Obj. ID: 38454
Jewish printed books Luach, Fürth, 1788
This text was prepared by William Gross:
The Hebrew or Jewish calendar (הַלּוּחַ הָעִבְרִי, ha'luach ha'ivri) is a lunisolar calendar used today predominantly for Jewish religious observances. It determines the dates for Jewish holidays and the appropriate public reading of Torah portions, yahrzeits (dates to commemorate the death of a relative), and daily Psalm readings, among many ceremonial uses. In Israel, it is used for religious purposes, provides a time frame for agriculture and is an official calendar for civil purposes, although the latter usage has been steadily declining in favor of the Gregorian calendar.
The present Hebrew calendar is the product of evolution, including a Babylonian influence. Until the Tannaitic period (approximately 10–220 CE) the calendar employed a new crescent moon, with an additional month normally added every two or three years to correct for the difference between twelve lunar months and the solar year. When to add it was based on observation of natural agriculture-related events. Through the Amoraic period (200–500 CE) and into the Geonic period, this system was gradually displaced by the mathematical rules used today. The principles and rules were fully codified by Maimonides in the Mishneh Torah in the 12th century. Maimonides' work also replaced counting "years since the destruction of the Temple" with the modern creation-era Anno Mundi.
The Hebrew lunar year is about eleven days shorter than the solar cycle and uses the 19-year Metonic cycle to bring it into line with the solar cycle, with the addition of an intercalary month every two or three years, for a total of seven times per 19 years.
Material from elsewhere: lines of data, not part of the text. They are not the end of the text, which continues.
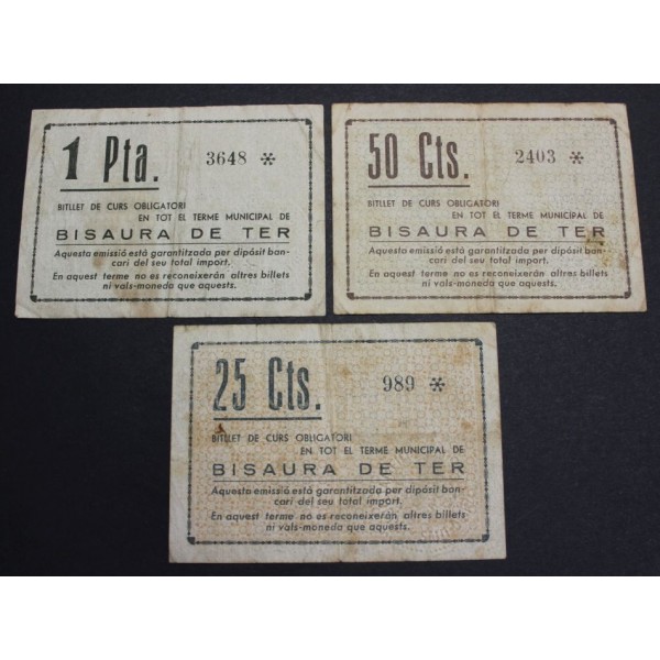 Serie Completa de 3 Billetes de la Provincia de Girona Ajuntament de Bisaura de Ter. de valores 25 centims. 50 centims. 1 pesseta fecha emision 22 maig del 1937 Gerona. Sello en seco. 3 Billetes de la Guerra civil Española. Papel Moneda local Catalan. conservacion MBC+ sucio.
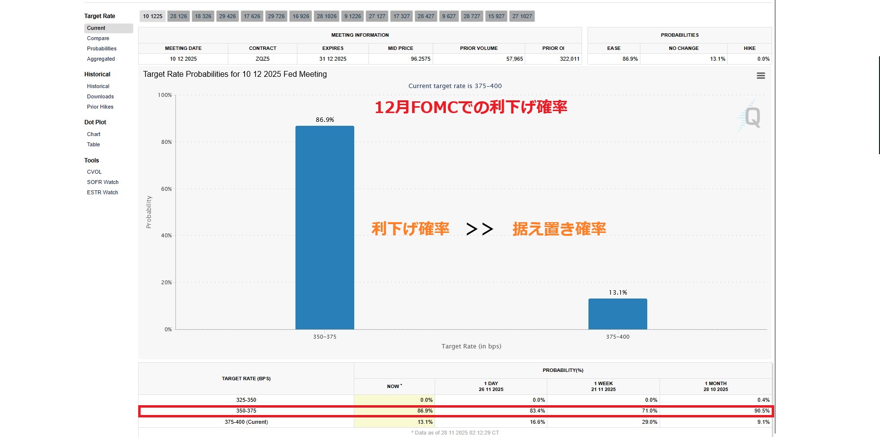 米利下げ確率、86.9%に上昇
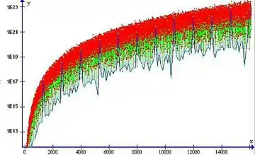 Values of |τ(n)| for n < 16,000 with a logarithmic scale. The blue line picks only the values of n that are multiples of 121.

Even with this intercalation, the average Hebrew calendar year is longer by about 6 minutes and 40 seconds than the current mean solar year, so that every 217 years the Hebrew calendar will fall a day behind the current mean solar year; and about every 231 years it will fall a day behind the Gregorian calendar year.
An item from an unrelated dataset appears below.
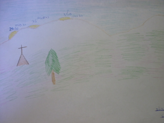 En los dibujos se ve cómo el Sol sale por un lugar el 7 de junio a las 10.08 hs, luego sale el 18 de junio más hacia la izquierda (el norte) y más tarde (10.13 hs) y el 3 de agosto sale más hacia la derecha (el sur) y más temprano (9.55 hs). Por otra parte, está buenísimo comparar con lo que ustedes pensaban antes, que el Sol salía siempre por un mismo lugar, que casi todos pusieron que era el centro del cerro Piltriquitrón. Tendríamos que seguir observando para ver en qué fecha el Sol llega a salir por ahí. Hoy todavía no...

The calendar is central to daily Jewish life. Events, ceremonies, rituals and prayers are all determined by the monthly lunar cycle. Therefore calendars are an essential aspect of Jewish life and have long been calculated and produced, as evidenced by the large number of Hebrew books and manuscripts dealing with this cycle and its accurate determination, as well as the number of manuscript and printed calendars that have been produced every year in both wall and booklet form. The advent of printing naturally increased both the number of calendars made and the wide-spread nature of distribution. Yearly calendars are by nature ephemera and are usually discarded after use.
The accurate recording of dates and times is essential to the practice of the jewish religion. Calendars with dates of important events in the Jewish cycle were printed often. But, as yearly calendars are a prime sort of ephemera and were discarded after their usefulness ended every year, early examples are quite rare.
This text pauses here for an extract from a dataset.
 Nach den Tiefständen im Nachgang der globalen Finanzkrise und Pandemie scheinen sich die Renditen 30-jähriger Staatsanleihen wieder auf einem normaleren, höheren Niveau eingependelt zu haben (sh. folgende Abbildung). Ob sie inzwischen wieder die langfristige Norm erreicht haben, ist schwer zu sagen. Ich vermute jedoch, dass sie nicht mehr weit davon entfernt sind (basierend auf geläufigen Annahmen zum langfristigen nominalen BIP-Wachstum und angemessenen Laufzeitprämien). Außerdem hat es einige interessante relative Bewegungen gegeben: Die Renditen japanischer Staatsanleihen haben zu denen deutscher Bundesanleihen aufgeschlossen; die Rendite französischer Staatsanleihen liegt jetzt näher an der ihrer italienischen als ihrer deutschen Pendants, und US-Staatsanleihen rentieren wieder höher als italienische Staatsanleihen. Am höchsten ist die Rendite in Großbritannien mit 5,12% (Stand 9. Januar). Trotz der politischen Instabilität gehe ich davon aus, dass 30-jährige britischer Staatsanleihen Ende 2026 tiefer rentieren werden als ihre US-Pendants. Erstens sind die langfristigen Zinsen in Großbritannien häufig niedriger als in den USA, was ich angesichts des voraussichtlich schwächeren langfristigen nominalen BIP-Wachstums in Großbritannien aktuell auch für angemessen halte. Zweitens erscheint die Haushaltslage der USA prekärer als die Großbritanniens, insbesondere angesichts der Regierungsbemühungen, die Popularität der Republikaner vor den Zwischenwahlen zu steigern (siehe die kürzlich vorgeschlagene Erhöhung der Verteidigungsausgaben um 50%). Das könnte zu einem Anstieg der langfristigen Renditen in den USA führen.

This pocket calendar was printed in Fuerth in Bavaria and was preserved in the genizah (the place in the synagogue that objects with Hebrew letters, which were considered holy, were preserved for burial) of Westheim, another town in the area. The city mentioned on the title page as the place of printing is Sulzbach even though the printing was done in Fuerth. This is a known phenomenon in Hebrew printing, apparently to put on the title page places that had a greater meaning for quality printing that the actual place where the printing was executed. The printer used a woodcut illustration to decorate the calendar that also appears one of the aleph-bet school charts exhibited here. When a printer wanted to fill an otherwise empty space, he used whatever woodblock that came to hand, often resulting in the same illustrations adorning a number of different printed objects.